Modelling Gravity-driven Flow Over Uneven Surfaces
Free (open access)
299 - 309
K. A. Ogden, S. J. D. D’Alessio & J. P. Pascal
This study concerns the gravity-driven two-dimensional laminar flow of a thin layer of fluid down a wavy inclined surface. Three mathematical models describing the unsteady two-dimensional flow evolution are presented and contrasted. The first is a shallow-water model, while the other two are integral-boundarylayer models representing non-hydrostatic approximations to the two-dimensional Navier-Stokes equations, which are valid for thin fluid layers. Various tests and simulations were conducted in order to assess the performance of the models. First, the instability threshold for the flat bottom case associated with each model was analytically determined and compared with the theoretical prediction based on the Navier-Stokes equations. Also for the flat bottom case, comparisons in neutral stability curves were made with existing experimental data.
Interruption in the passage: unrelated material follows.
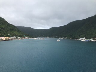 The time zones are interesting. Here in American Samoa, we are one hour earlier than Hawaii ( 6 hours earlier than PA) and in nearby Samoa, it is one full day earlier!. We don’t have a February 11 on the ship, as we will be crossing the international dateline and we go right from today, February 10, to February 12. Very confusing to say the least. Our son Mark said he would let us know what we miss on Feb 11!. Always the sense of humor….
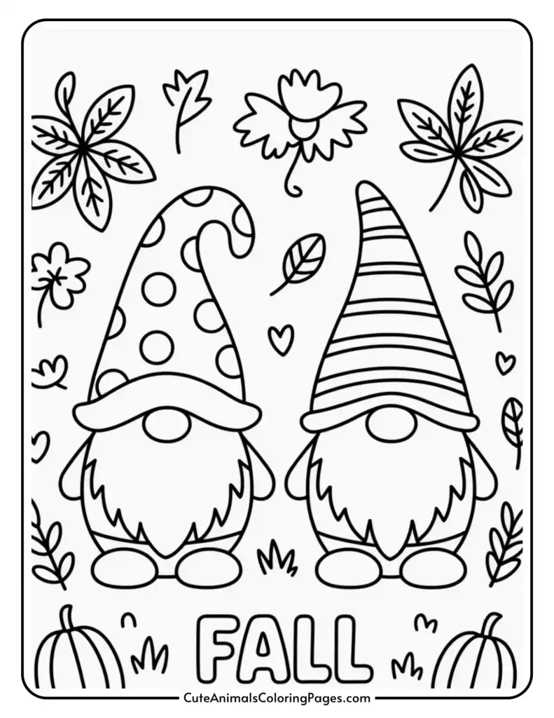 Color These Cozy Fall Gnomes with Leaves and Pumpkins

In addition, comparisons between two-dimensional numerical solutions of the full Navier-Stokes equations, obtained using the CFX software package, with simulations from the models were also investigated for a wavy bottom case. The wavy surface considered in this study corresponds to that of a sinusoidal profile. The emerging interfacial wave structure along with the combined effect of bottom topography and surface tension are discussed. Finally, critical Reynolds number predictions for cases including bottom topography are compared to existing experimental data. Keywords: film flow, wavy incline, shallow-water and integral-boundary-layer models, numerical, experimental, analytical, CFX solver. 1 Introduction There are many situations in which a model for flow down an inclined plane is applicable. Naturally occurring situations include mudslides and ice channels .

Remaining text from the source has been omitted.